In many bacteria, including Streptococcus, within-replichore inversions, that is, inversions with endpoints in the same replichore, have been shown to be relatively rare and significantly shorter than inter-replichore inversions [67–71]. Both non-random mutational processes and selection have been suggested as potential drivers of biased inversion landscapes [67, 69, 72, 73]. In more recent papers it was shown that symmetric inversion bias is not a universal feature of prokaryotic genome evolution but varies considerably across clades and the magnitude of the symmetric inversion bias is associated with various features of adaptive genome architecture, including the distance of essential genes to the origin of replication and the preferential localization of genes on the leading strand .

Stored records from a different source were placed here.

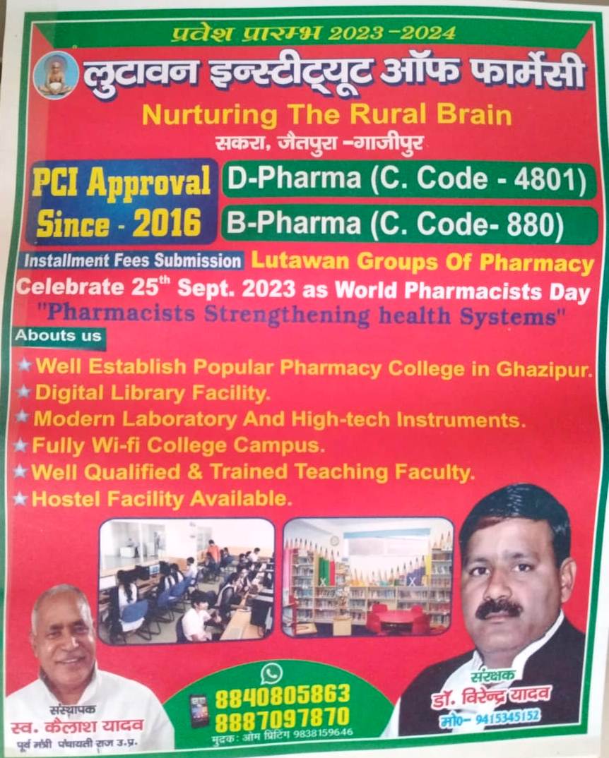Pharmacy is the science and technique of preparing, dispensing, and reviewing drugs and providing additional clinical services. It is a health profession that links health sciences with pharmaceutical sciences and aims to ensure the safe, effective, and affordable use of drugs. The professional practice is becoming more clinically oriented as most of the drugs are now manufactured by pharmaceutical industries. With the advancement of medical science, there has been recurrent demand for qualified and skilled pharmaceutical technologist in this profession. To cater the to this requirement of industry- ready bright professionals, the entrepreneur associated with Lutawan institute of Pharmacy Ghazipur have established in 2016 by three dynamic entrepreneur and educationalist in pharmacy, Lutawan institute of Pharmacy Ghazipur, the college has curved a niche in the field of pharmacy. Since 2016, it has been a premier Pharmacy institute disseminating high quality undergraduate and Diploma in Pharmacy education in Uttar Pradesh. ...
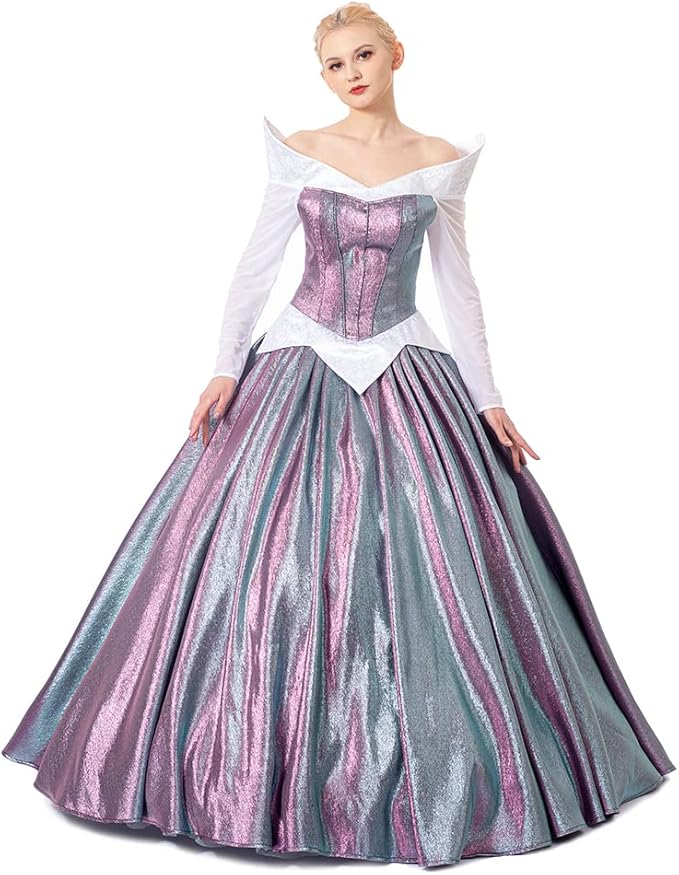 Princess Aurora Cosplay Costume Dress Aurora Ball Gown Bling Purple Dress Uniform for Adult Women Girls
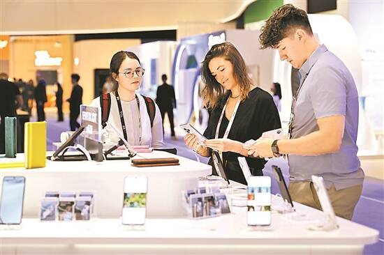 1月20日,“广货行天下”春季行动手机专场活动在东莞启幕。图为国际旅客在手机专柜体验“广东造”手机(资料图)
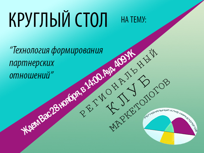 Приглашаем всех небезразличных к проблемам маркетинга на наше первое в новом сезоне заседание, которое пройдет в формате круглого стола на тему «Технология формирования партнерских отношений». Время проведения – 28 ноября 2013 года, 14:00. Место – аудитория 409 УК.
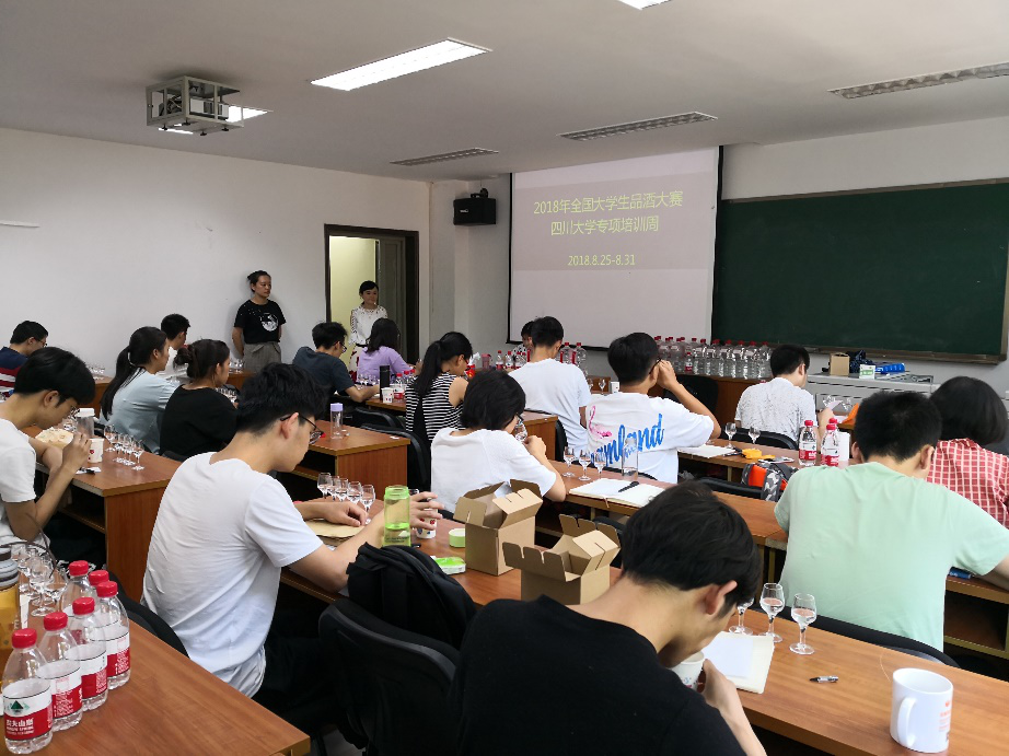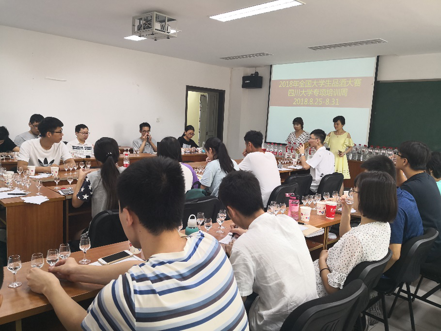 为弘扬中国文化,继承和发扬中国白酒文化,提高青年一代对中国传统白酒的认识,由中国酒业协会主办,舍得酒业股份有限公司承办的“舍得酒业杯”2018年全国大学生品酒大赛四川赛区初赛将于9月26至28日举行。为了更好备赛,我院轻工生物技术方向的学生从2018年8月25日开始,接受了为期一周的白酒技能专业指导和培训。本次培训由泸州老窖有限公司与轻工生物技术教研室主办,泸州老窖有限公司邵燕和蔡亮两位国家白酒评委担任培训师。
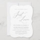 Detta är det Inget fint, bara kärlek, bröllopsflykt-meddelande/ inbjudningskort, i Mörkgrå, typsnitt. Perfekt för att inbjuda din familj och vänner att fira denna viktiga fest.
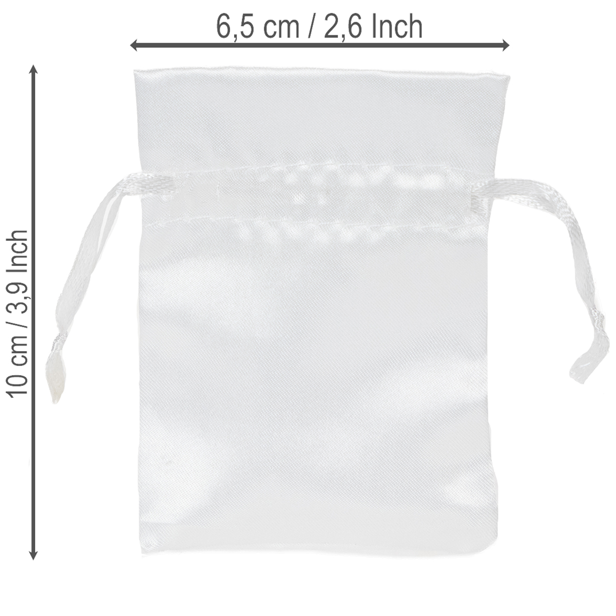Nazwa produktu: Torebki prezentowe, satynowe woreczki, białe, 6,5 x 10 cm, 10 szt.
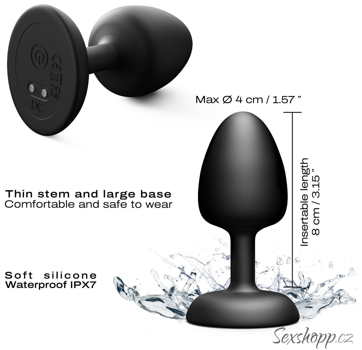 Kolík má praktickou anální zarážku pro bezpečné hry, není ohebný a je vyrobený ze silikonu, který je pevný na dotek, bezpečný pro lidské tělo a příjemný na omak.
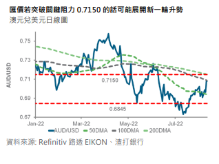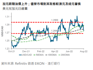 加元因市场情绪改善及油价上升而走高,国际能源署亦上调对2022年石油需求增长的预测。投资者由於忧虑加拿大央行的进取收紧政策可能会导致经济出现更大的衰退风险,令加元近期升幅较澳元及纽元温和。加元支持位料在於1.2680水平。
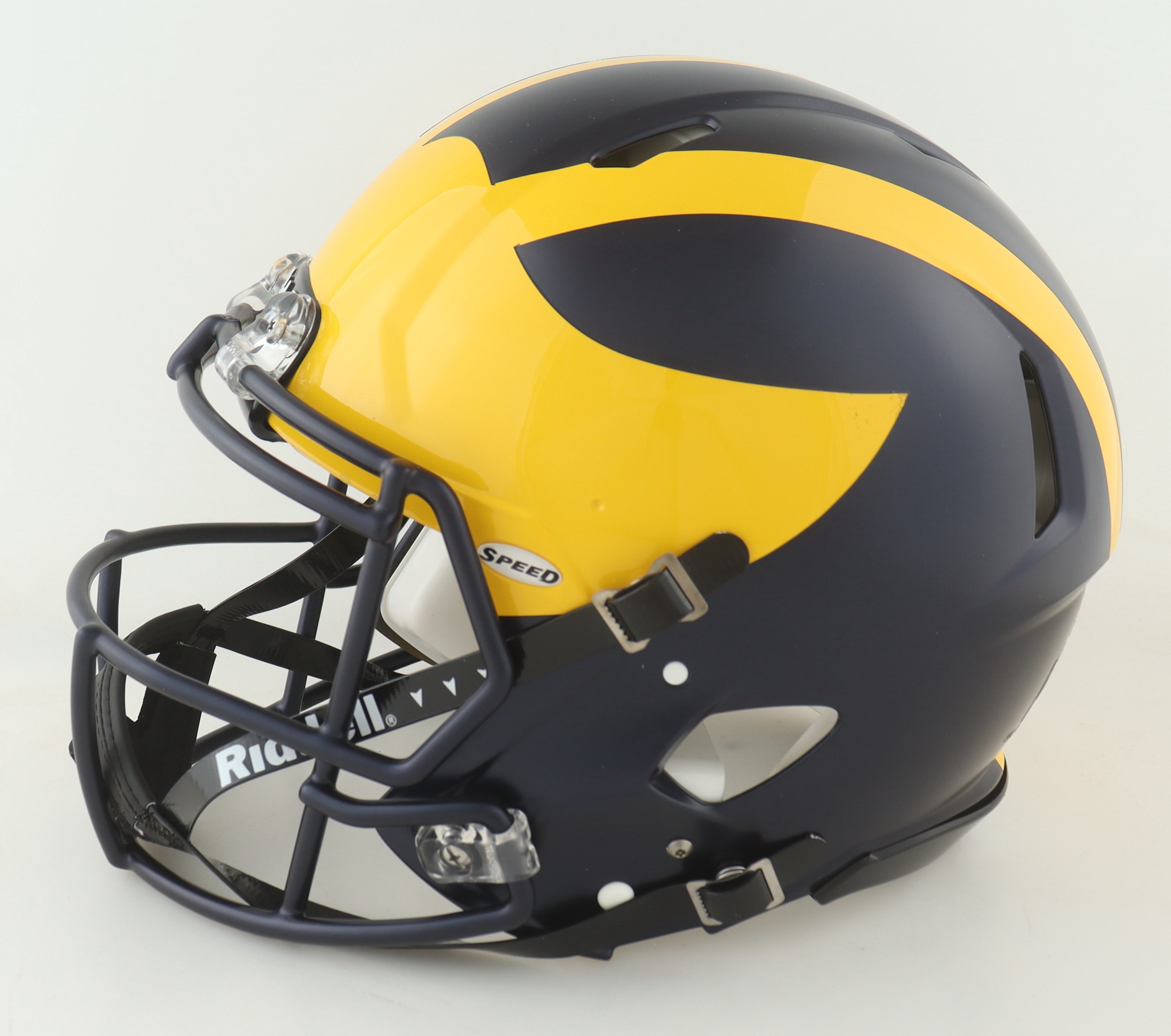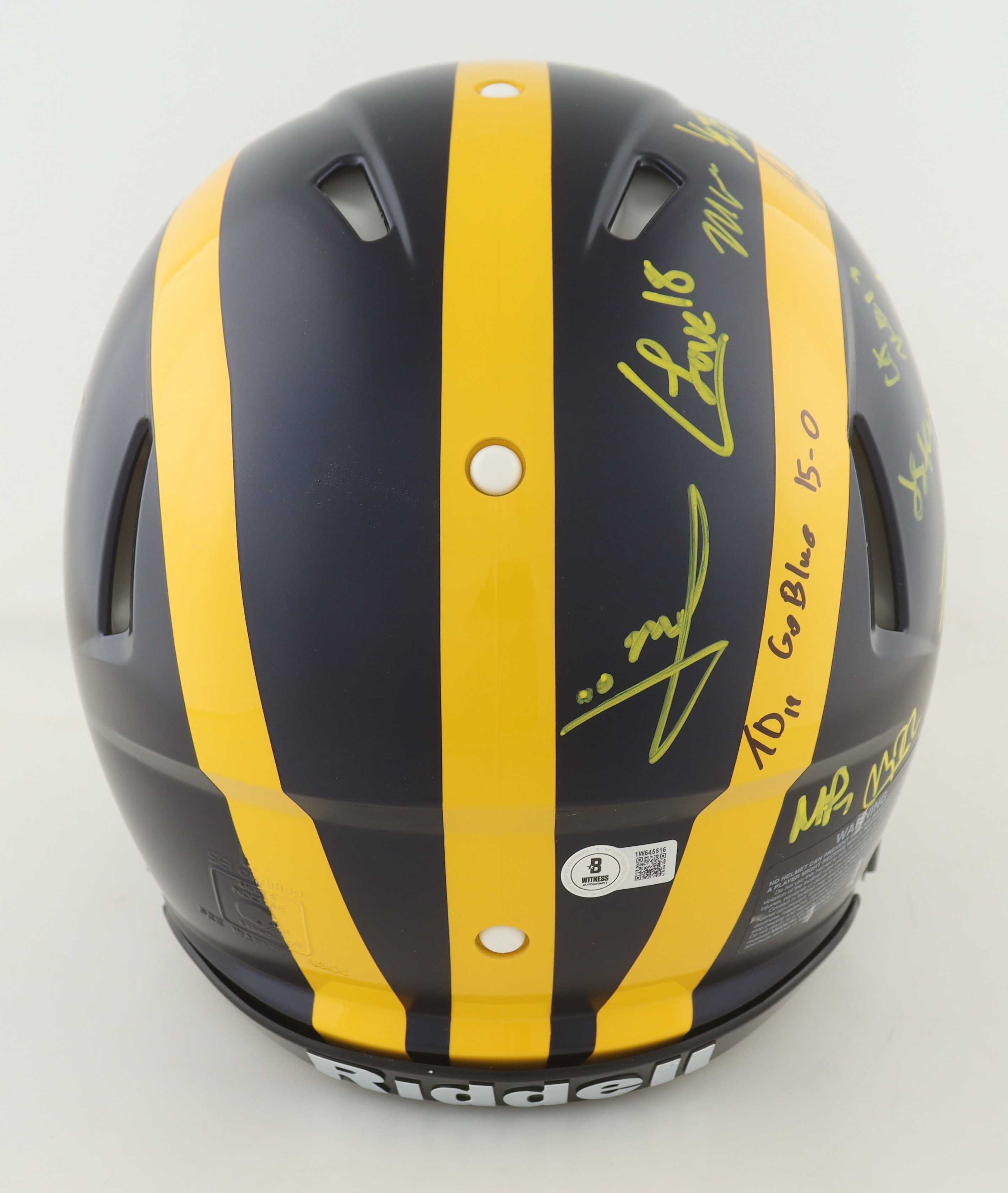 Riddell Michigan Wolverines full-size Authentic On-Field Speed helmet. Hand-signed and inscribed by (17) members of the 2023 Michigan Wolverines National Championship team. Signers include J.J. McCarthy, Max Bredeson, Mike Sainristil, Colston Loveland, Will Johnson, Mason Graham, Derrick Moore, Semaj Morgan, Makari Paige, Myles Hinton, Kalel Mullings, Kenneth Grant, Josiah Stewart, Ernest Huusmann, Blake Corum, Quentin Johnson and Tommy Doman.
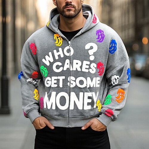 Per uomo Lettera Felpa con Cappuccio Moda Quotidiano Casual Manica Lunga Con Cappuccio All'aperto Vacanza Abbigliamento casual alla moda Nero Rosso Azzurro cielo Viola Grigio scuro Con zip Tasca
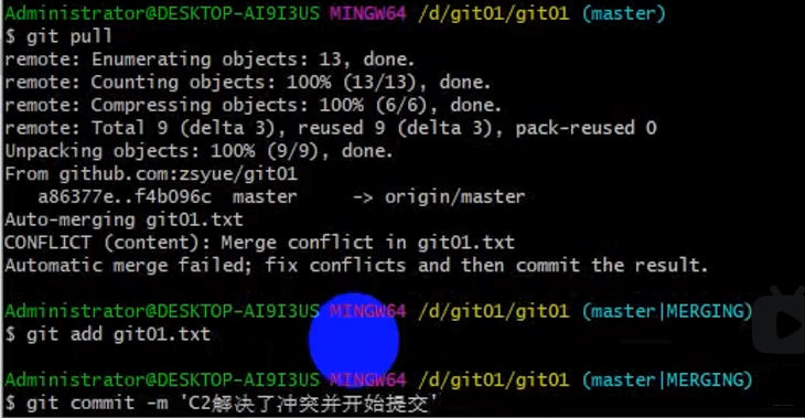 pull下来就已经有冲突了,这时就把冲突文件打开,修改后再add提交,直到去push,如果push失败,再pull拉一遍新代码,在本地修改冲突
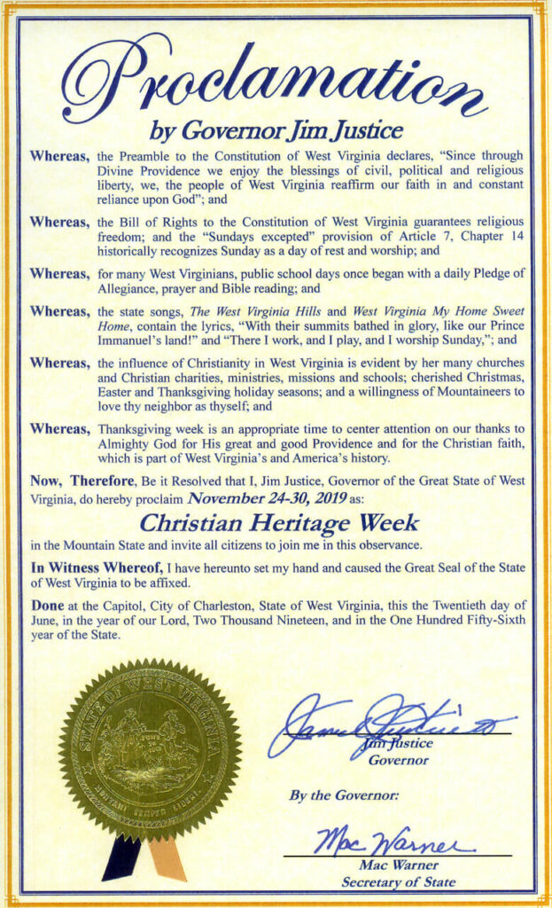 WHEREAS, Thanksgiving week is an appropriate time to center attention on, and to teach children of our Christian Heritage, which is foundational to the institutions, values, and vision of our nation, and to thank Almighty God for His great and good Providence in the formation of our state and nation.
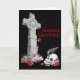 Celtic Cross and Raven Christmas Card, with a Raven on a skull, roses around, Celtic Cross, and seasonal greeting. Smaller raven and skull inside with coloured roses and Christmas greeting. This card is available without words too.
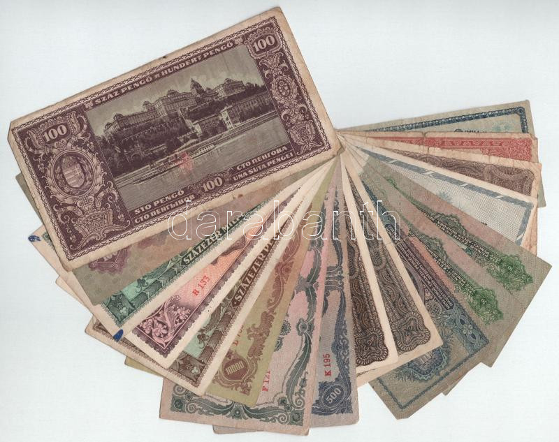 Leírás: Vegyes, 17db-os magyar bankjegy tétel, benne: 1920. 1K-20K (5xklf) + 1936-1946. 10P-1.000.000.000P (10xklf) + 1946. 100.000MP + 500.000AP T:Pr-F
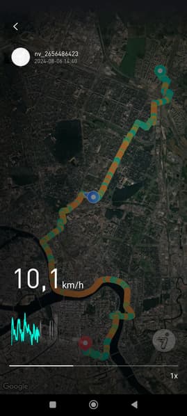В процессе поездки периодически сверялись с информацией из приложения. Выяснилось, что свою скорость самокат определяет довольно точно, без каких-либо отклонений. Все перемещения фиксируются на карте во встроенном приложении, после чего можно проанализировать маршрут, в том числе просмотреть движение точки на карте в ускоренном режиме. В зависимости от скорости, участки на карте окрашиваются в разные цвета. Так можно увидеть, где мы перемещались быстро, а где вынужденно снижали скорость.
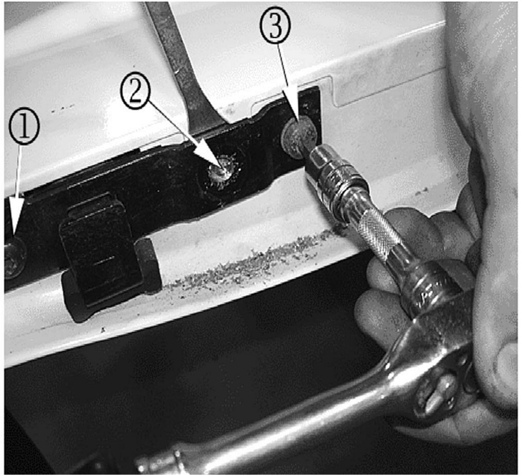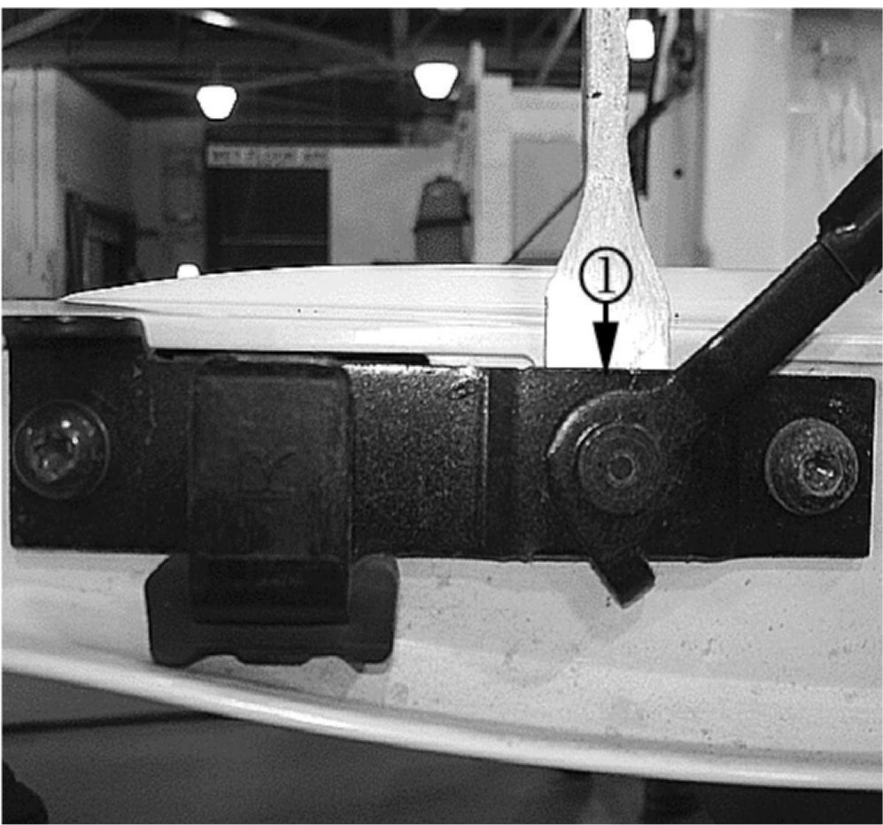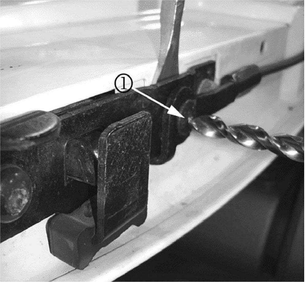 4. Drill out the rivet (1) on the latch assembly using a 9.5 mm (3/8 in) drill bit.
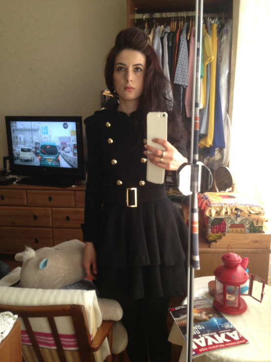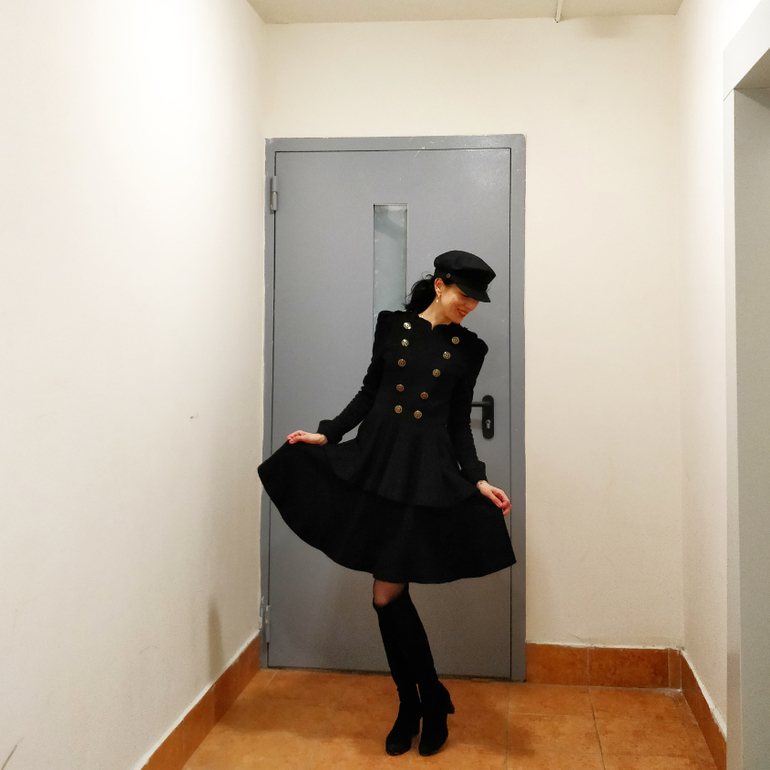 И ещё одна вещь с али. Ей уже лет 7. Мне надоели эти здоровые пуговицы, ремень, и короткая юбка, поэтому я заказала пуговицы ( на том же Али), убрала пояс, и удлинила юбку. Вещь осталась та же, но отношение к ней как к новой))

The pattern of inversions reconstructed in the studied Streptococcus species revealed a strong selection against intra-replichore inversions that, in agreement with previous observations, might be caused by strong preferential localization of genes on the leading strand (more than 80% of core genes). Despite low frequency of inversions, parallel inversions were observed in all three studied species. Most inversions were bound by mobile elements or clusters of rRNA, so most parallel events were likely to be caused by intragenome recombination linked to a limited number of repeated elements. The exception was the inversion in the S. pneumoniae subtree with breakpoints formed by genes encoding surface antigen proteins phtB and phtD. As the inversion was shown to exchange gene fragments, it is likely to indicate the action of antigen variation.
Phase variation is known to be an important mechanism that leads to phenotype diversification via intra-genomic recombination. Antigenic variation via inversions of short genomic fragments was shown to play a significant role for the S. pneumoniae infection influencing its pathogenicity . While this paper was under review, antigen variation by the observed large parallel inversion between the phtD and phtB genes in S. pneumoniae had been confirmed . The practical relevance of this observation comes from the fact that this protein is a candidate for a next-generation pneumococcal vaccine . This shows that evolutionary and functional analysis of predicted parallel rearrangements with direct confirmation of this mechanism may identify possible cases of phase variation by inversions in human pathogens.
In the studied Streptococcus species, about 7% single-copy periphery genes occur in multiple syntenic regions. The genes with inconsistent trees and non-conserved genome position are rare in at least one species and have likely experienced horizontal transfer between species. Hence, a large periphery in the Streptococcus pan-genome is likely to be explained by horizontal gene transfer, that is known to be one of the major drivers of genome evolution [78, 79]. Horizontal gene transfer in Streptococcus is facilitated by the competence system and is associated with immune system . Moreover, the early proof that DNA carries genetic information was provided by experiments with pneumococcus [81, 82]. This emphasizes the importance of pan-genome studies of medically relevant bacteria, as their pathogenicity may be affected by rare periphery or even strain-specific genes.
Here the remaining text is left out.